§ Work request: Pictures are to be dropped. Everything else in the listing gets copied exactly.

§ Information provided:
^^^^^^^^^^^^^^^^

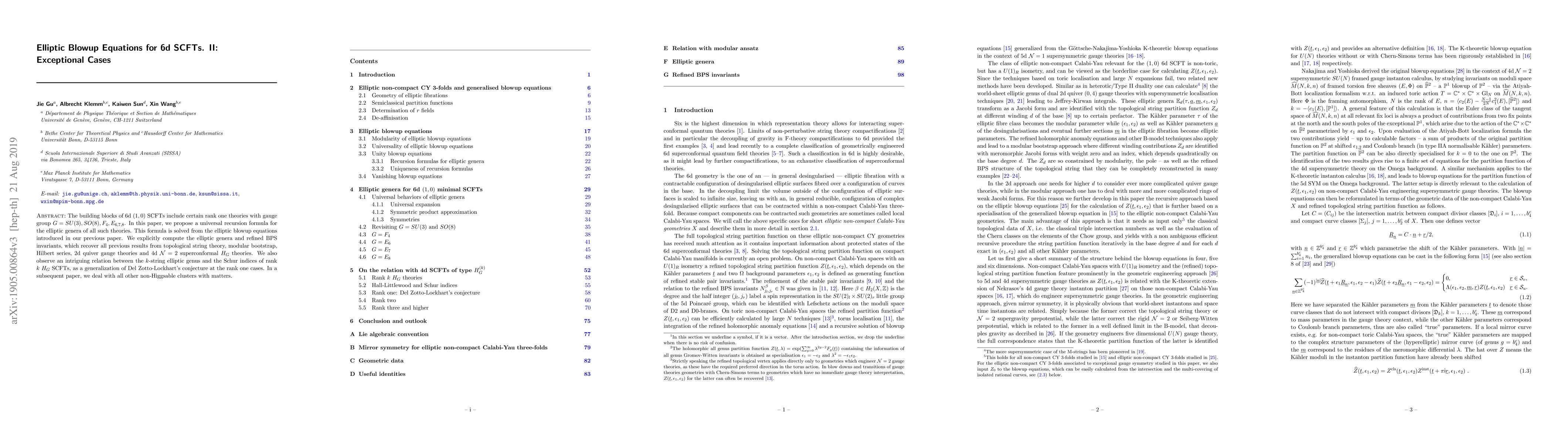 This paper proposes a universal recursion formula for the elliptic genera of exceptional rank one 6d $(1,0)$ SCFTs with gauge groups $G=SU(3),SO(8),F_4,E_{6,7,8}$, deriving it from elliptic blowup equations. It computes these elliptic genera and refined BPS invariants, linking them to various theoretical frameworks and identifying a relation between $k$-string elliptic genus and Schur indices.
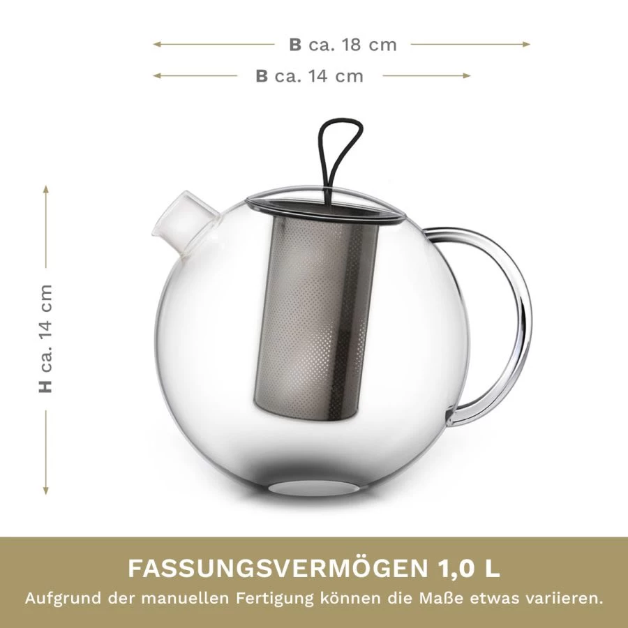 Inhalt 1 GlasTeekanne 1,0l mit Edelstahlfilter und Glasdeckel mit Silikonschlaufe.
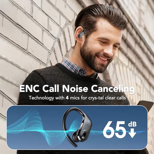 【85% Mejora de los graves & ENC Despejar llamadas】Este auriculares bluetooth deportivos cuenta con una gran unidad de controlador de altavoz de 14,5 mm con un 85% de mejora de graves para una experiencia auditiva envolvente. Built-in 4 ENC llamada micrs mejorar las llamadas de conferencia y reducir el ruido ambiente externo para llamadas claras. Ideal para amantes de la música y aquellos que necesitan usarlo para conferencias web y clases en línea.

^^^^^^^^^^^^^^^^

§ Written reply:
 This paper proposes a universal recursion formula for the elliptic genera of exceptional rank one 6d $(1,0)$ SCFTs with gauge groups $G=SU(3),SO(8),F_4,E_{6,7,8}$, deriving it from elliptic blowup equations. It computes these elliptic genera and refined BPS invariants, linking them to various theoretical frameworks and identifying a relation between $k$-string elliptic genus and Schur indices.
 Inhalt 1 GlasTeekanne 1,0l mit Edelstahlfilter und Glasdeckel mit Silikonschlaufe.
 【85% Mejora de los graves & ENC Despejar llamadas】Este auriculares bluetooth deportivos cuenta con una gran unidad de controlador de altavoz de 14,5 mm con un 85% de mejora de graves para una experiencia auditiva envolvente. Built-in 4 ENC llamada micrs mejorar las llamadas de conferencia y reducir el ruido ambiente externo para llamadas claras. Ideal para amantes de la música y aquellos que necesitan usarlo para conferencias web y clases en línea.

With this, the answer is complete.